The same hot weather that brings out the best in tomatoes, cucumbers, peppers, and other summer vegetables makes spinach, lettuce, peas, and other cool-weather vegetables tough and bitter.
Midsummer weather makes the prospect of cool weather seem remote, but of course such weather will return. Now might be a good time to plan for and begin planting vegetables that thrive in autumn weather.
Growing autumn vegetables is like having another whole growing season in the garden.
Cool, moist weather, even with temperatures dipping below freezing, brings out the best flavor in vegetables such as kale, broccoli and carrots. And the fall harvest season is long because, with short days, there’s no danger of such vegetables as spinach and Chinese cabbage bolting to seed. Broccoli and cauliflower buds stay tight, patiently awaiting harvest.
FIRST, THREE VOWS
Before planning for a delectable harvest of autumn vegetables, take three vows.
The first is to maintain soil fertility. Autumn’s predominantly leafy vegetables are heavy feeders, and your garden has already had one growing season, so apply fertilizer and liberal amounts of compost or other organic matter to the soil.
Second, don’t forget to water. Seedlings beginning life in midsummer can’t get enough water otherwise through typical summer heat and drought. Natural rainfall and cooler temperatures will lessen or eliminate watering chores as autumn approaches.
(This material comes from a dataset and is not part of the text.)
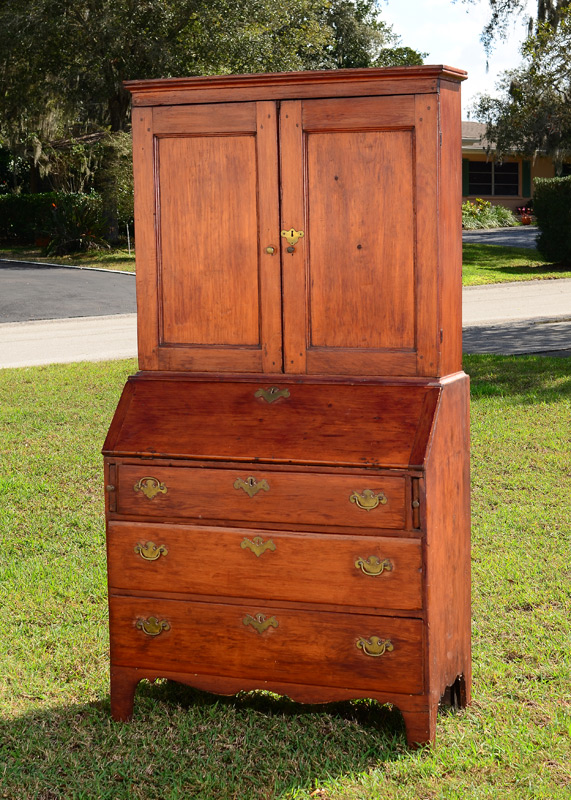 AMERICAN SECRETARY BOOKCASE: 2 part, pegged construction. Top with 2 doors, 2 internal shelves lined with contact paper. Base with fall front secretary, internal drawers and pigeon holes with shaped galleries. 3 graduated full length drawers. Overall 73 3/4'' h. x 37 1/2'' x 18''.
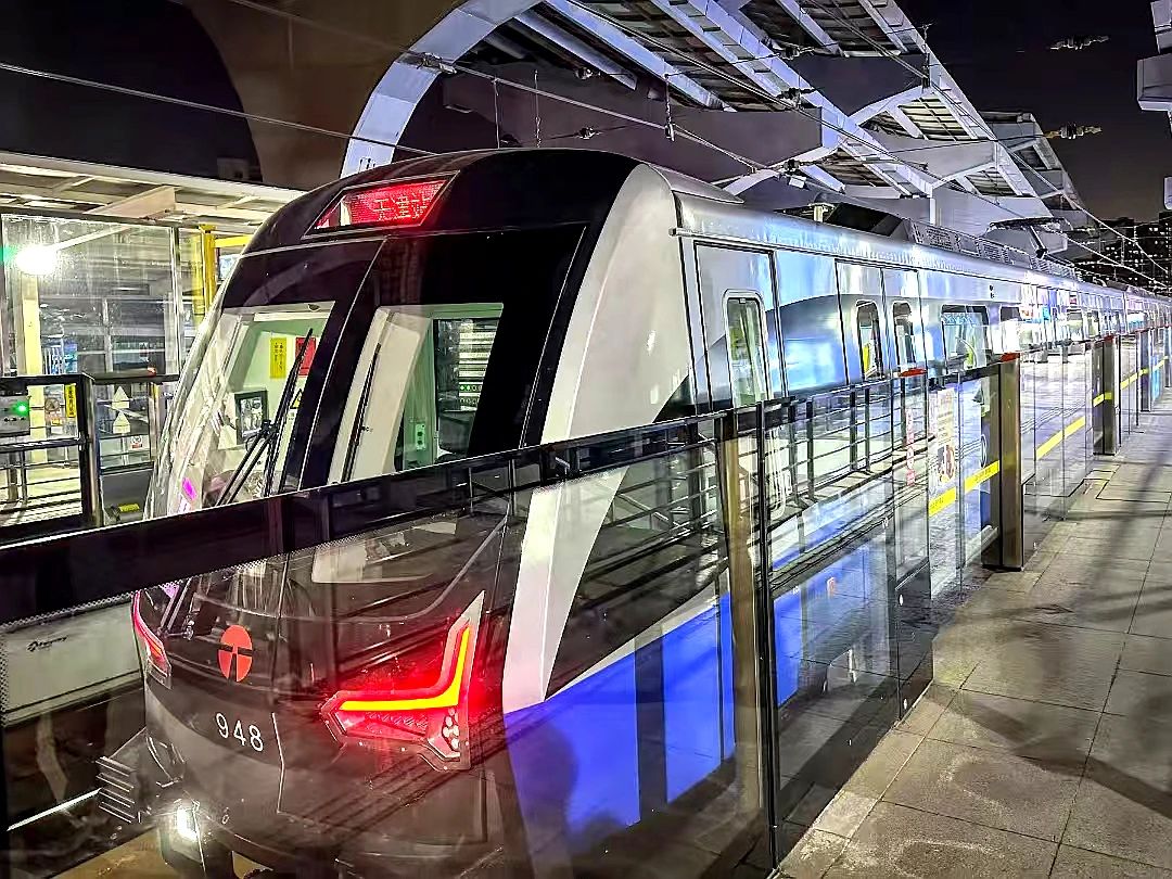 軌道交通指揮控制大廳的巨幅顯示屏上,在新型信號系統(tǒng)的控制下,一輛輛列車猶如一顆顆閃亮的星辰,在蔚藍色的“星幕”上運轉(zhuǎn)有序、經(jīng)停有方。在連續(xù)3小時40分的高強度演練中,新型信號系統(tǒng)精準控制著每一輛列車,通過壓縮列車周轉(zhuǎn)時間、優(yōu)化場段出車路徑等措施,將列車最小追蹤間隔能力由原來的150秒縮短至90秒,高峰時段運力提升了40%。在全部28列車、115列次的運營考核中,新型信號系統(tǒng)取得了正點率100%、故障率0%的優(yōu)異成績!

And third, spend a few minutes weeding on a regular basis throughout the season. Summer weeds take up space that you could use for fall vegetables. They also compete for water and nutrients.
To figure out when to sow autumn vegetables, look on seed packets for the “days to maturity.” Cool weather and shorter days are going to dramatically slow growth as fall approaches, so count on any vegetable being ready for harvest around the time when cooler weather settles in in earnest in your area, and days become regularly cooler. For vegetables that are usually transplanted, add four weeks, which is the time they would need to grow to transplant size.
Depending on how soon autumn weather arrives at your garden gate, now or soon may be the time to sow broccoli, endive, winter radishes, cabbage, carrots, beets and parsley, all of which need a relatively long season to mature. Sow these seeds directly in the garden, in containers, or in a separate, small nursery bed, then transplant them to their permanent homes in a month.
Follow that first wave of planting a couple of weeks later with sowings of lettuce, Chinese cabbage, cauliflower, kale and collards. Check the days to maturity for Chinese cabbages because some varieties take only 50 days to mature while others take much longer.
This first sowing of autumn lettuce should be the first of many. Every two weeks until about a month before the average date of your first frost, sow small amounts, and you will have a continuous supply of tender leaves for your salad bowl.
Whole rows of any vegetables in this second planting might follow earlier plantings of bush beans or sweet corn, or you can sow in containers for transplanting three weeks later. The nice thing about using containers is that there’s no need to plant a whole row at once — you can tuck plants here and there as space becomes available.
A third wave of autumn planting comes when cooler weather has begun to settle in, perhaps where you have gathered up mature onion and garlic bulbs or dug out cucumber vines that have finally succumbed to bacterial wilt. Sow directly in the ground seeds of spinach, mustard, arugula and turnips. Also plant small radishes, the kind you normally sow in spring.
Local seed racks are often cleared out after midsummer. If so, or if you seek varieties that are unavailable locally, order seeds by mail.